**WHAT IS NEEDED**:
Pictures are to be excluded. Please print only the lines from the one containing "우선 지하철 환기구 등" through the end of the data, exactly as they appear.

**SUPPLIED INFORMATION**:
━━━━━━━━━━━━━━━━━━━━━━━━━━━━━━
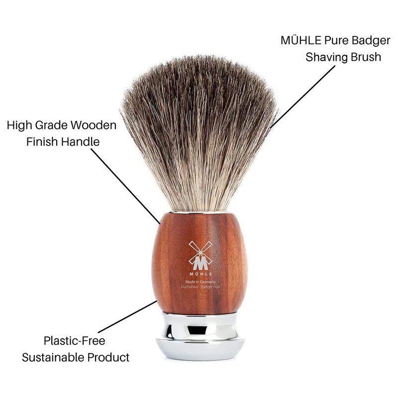 - USE: Wet the brush under warm water. Next, place shaving soap or cream into a bowl or cup and dab your desired amount onto the brush, proceeding to gently work it into a lather on the skin. Use a MÜHLE razor for a clean shave, rinse, and repeat.
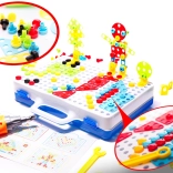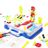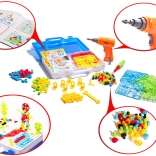 De set bevat kleurrijke schroeven en onderdelen die kinderen aanspreken en helpen bij de ontwikkeling van hun motorische vaardigheden.
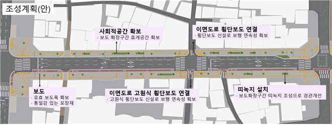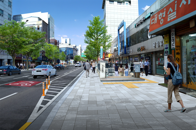 우선 지하철 환기구 등 대형 시설물로 좁아 통행이 불편했던 보도공간을 기존 0.7~1.5m에서 2~2.8m까지 최대 1.8배 수준으로 대폭 넓힌다. 또 노후 보도 포장을 교체하고 포장재도 통일해 도시 미관 효과를 높인다.
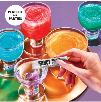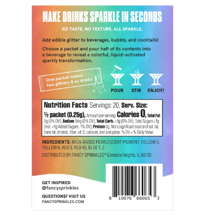 Stay mysterious. Conveniently packaged in a sleek portable carton, FANCY SPRINKLES® Mystery Fancy Edible Glitter Packets include 10 single-use edible glitter packets in five mystery colors, but you won't know what color until you add liquid! This edible glitter for drinks is perfect for adding instant glamour to your celebrations, dressing up your bar cart, gifting to family and friends, and simply transforming your cocktail recipes. Create and serve up to 20 glittering beverages for parties or on the go, wherever the moment strikes!
━━━━━━━━━━━━━━━━━━━━━━━━━━━━━━
**OUTPUT BELOW**:
 우선 지하철 환기구 등 대형 시설물로 좁아 통행이 불편했던 보도공간을 기존 0.7~1.5m에서 2~2.8m까지 최대 1.8배 수준으로 대폭 넓힌다. 또 노후 보도 포장을 교체하고 포장재도 통일해 도시 미관 효과를 높인다.
 Stay mysterious. Conveniently packaged in a sleek portable carton, FANCY SPRINKLES® Mystery Fancy Edible Glitter Packets include 10 single-use edible glitter packets in five mystery colors, but you won't know what color until you add liquid! This edible glitter for drinks is perfect for adding instant glamour to your celebrations, dressing up your bar cart, gifting to family and friends, and simply transforming your cocktail recipes. Create and serve up to 20 glittering beverages for parties or on the go, wherever the moment strikes!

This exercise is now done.